Area of Research Project Psychological Studies
Project Period
From 1/2012 To 12/2014
This 12-month prospective study aims to examine the biological bases and interpersonal processes of adjustment among Chinese family caregivers of cancer patients in Hong Kong.
Methods Used
Caregivers provide saliva samples for determining their physiological stress response (i.e., cortisol levels) and complete a video task that assesses their ability to correctly understand the thoughts and feelings of others (i.e., empathy).

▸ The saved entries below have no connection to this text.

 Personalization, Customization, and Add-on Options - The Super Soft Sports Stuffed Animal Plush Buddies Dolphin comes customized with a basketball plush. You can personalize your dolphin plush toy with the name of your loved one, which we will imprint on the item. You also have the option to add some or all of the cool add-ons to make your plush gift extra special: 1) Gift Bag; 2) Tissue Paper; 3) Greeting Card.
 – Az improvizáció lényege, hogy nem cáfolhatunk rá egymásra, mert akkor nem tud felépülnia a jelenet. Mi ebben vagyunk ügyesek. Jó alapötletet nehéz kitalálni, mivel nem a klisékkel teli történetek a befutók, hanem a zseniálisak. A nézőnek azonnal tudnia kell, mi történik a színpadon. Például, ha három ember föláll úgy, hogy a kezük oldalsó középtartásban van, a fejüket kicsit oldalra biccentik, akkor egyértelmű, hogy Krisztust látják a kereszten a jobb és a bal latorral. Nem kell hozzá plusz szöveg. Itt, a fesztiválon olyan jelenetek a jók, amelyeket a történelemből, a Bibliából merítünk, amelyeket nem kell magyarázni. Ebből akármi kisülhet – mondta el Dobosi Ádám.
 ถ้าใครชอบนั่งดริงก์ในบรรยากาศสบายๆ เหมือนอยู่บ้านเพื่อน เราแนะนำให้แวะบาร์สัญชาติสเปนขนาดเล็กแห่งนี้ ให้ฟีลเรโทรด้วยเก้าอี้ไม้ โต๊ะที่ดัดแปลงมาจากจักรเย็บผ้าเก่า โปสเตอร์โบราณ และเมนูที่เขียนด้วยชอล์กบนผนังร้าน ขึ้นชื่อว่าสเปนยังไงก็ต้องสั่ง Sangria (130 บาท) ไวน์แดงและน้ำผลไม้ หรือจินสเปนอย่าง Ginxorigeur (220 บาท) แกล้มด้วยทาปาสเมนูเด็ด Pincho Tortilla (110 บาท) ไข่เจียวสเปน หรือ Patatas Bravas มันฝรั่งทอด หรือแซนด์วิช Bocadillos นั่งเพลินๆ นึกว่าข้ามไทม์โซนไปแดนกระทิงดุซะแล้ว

Patients and caregivers are also administered questionnaires that assess their perceived effectiveness of social support (i.e., satisfaction with the match between wanted support and received/provided support) and adjustment outcomes (i.e., social relationship quality and anxiety and depressive symptoms).

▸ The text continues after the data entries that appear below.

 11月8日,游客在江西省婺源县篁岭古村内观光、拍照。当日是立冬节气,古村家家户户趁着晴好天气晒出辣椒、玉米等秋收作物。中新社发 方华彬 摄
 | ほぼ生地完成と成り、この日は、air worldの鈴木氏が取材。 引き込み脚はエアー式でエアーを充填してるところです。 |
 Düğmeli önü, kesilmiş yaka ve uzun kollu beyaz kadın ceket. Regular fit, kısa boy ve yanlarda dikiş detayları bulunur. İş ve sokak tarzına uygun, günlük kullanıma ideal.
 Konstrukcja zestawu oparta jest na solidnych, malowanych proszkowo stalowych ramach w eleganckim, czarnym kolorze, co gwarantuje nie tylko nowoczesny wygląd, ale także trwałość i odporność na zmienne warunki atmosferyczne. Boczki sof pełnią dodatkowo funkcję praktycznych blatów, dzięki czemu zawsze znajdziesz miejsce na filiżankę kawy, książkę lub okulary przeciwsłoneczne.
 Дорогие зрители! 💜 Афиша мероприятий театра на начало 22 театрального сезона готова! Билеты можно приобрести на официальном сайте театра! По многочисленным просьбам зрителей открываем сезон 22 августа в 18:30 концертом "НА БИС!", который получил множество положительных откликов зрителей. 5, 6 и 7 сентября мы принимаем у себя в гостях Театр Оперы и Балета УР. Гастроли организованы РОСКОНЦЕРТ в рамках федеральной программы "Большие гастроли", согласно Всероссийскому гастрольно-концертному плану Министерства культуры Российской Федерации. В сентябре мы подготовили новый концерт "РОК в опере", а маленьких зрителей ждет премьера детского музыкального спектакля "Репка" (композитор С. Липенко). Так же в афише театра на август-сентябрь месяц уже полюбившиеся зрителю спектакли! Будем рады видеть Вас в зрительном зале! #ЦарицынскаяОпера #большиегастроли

Overall, the findings of this project will inform development of educational and intervention programs that enhance the skills of caregivers in supporting cancer patients, thereby facilitating positive adjustment for both patients and caregivers.
Summary of Findings
  • Offer prospective evidence on the biological basis of the social cognitive and supportive processes and adjustment outcomes in Chinese cancer caregivers.
  • Test the hypothesis that higher empathic accuracy of caregivers will contribute to higher perceived effectiveness of social support and in turn to higher relationship quality and lower anxiety and depressive symptoms of caregivers as well as patients.

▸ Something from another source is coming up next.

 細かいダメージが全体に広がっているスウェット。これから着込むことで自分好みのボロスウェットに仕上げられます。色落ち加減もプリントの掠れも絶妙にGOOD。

  • Introduce caregiving engagement to the existing cancer caregiving literature as a novel behavioral outcome measure.
  • The biological basis of empathic accuracy in the course of caregiving: Associations with relationship quality, affective symptoms, and perceived engagement among Chinese caregivers of people with colorectal cancer.
  • The first year of cancer caregiving: change in social support effectiveness mediates the association between the change in empathic accuracy and that in psychosocial adjustment outcomes.
  • The matching in perceived social support effectiveness between Chinese caregivers and people with colorectal cancer depends in part on caregivers’ collectivistic orientations and recipients’ support seeking tendency.
  • The reciprocity between support seeking tendency and perceived support effectiveness in the year after diagnosis: An investigation among Chinese people with colorectal cancer.
  • Higher caregiving engagement during treatment predicts higher affective symptoms and lower physical and social functioning among Chinese caregivers in a one-year follow-up.
  • Assessing empathy accuracy among Chinese caregivers of people with colorectal cancer: A multi-method approach.
Biography of Principal Investigator
Wai Kai Hou is an Assistant Professor in the Department of Psychological Studies. His research aims to develop frameworks for integrating social, psychological, and biological levels of analysis of human resilience and adaptation to stress. His research utilizes a variety of methods, ranging from implicit association test and self-report questionnaires to physiological measures and neuroimaging.

Dr. Hou works on three specific areas: emotion, psychobiology of stress and resilience, and adaptation to chronic medical conditions.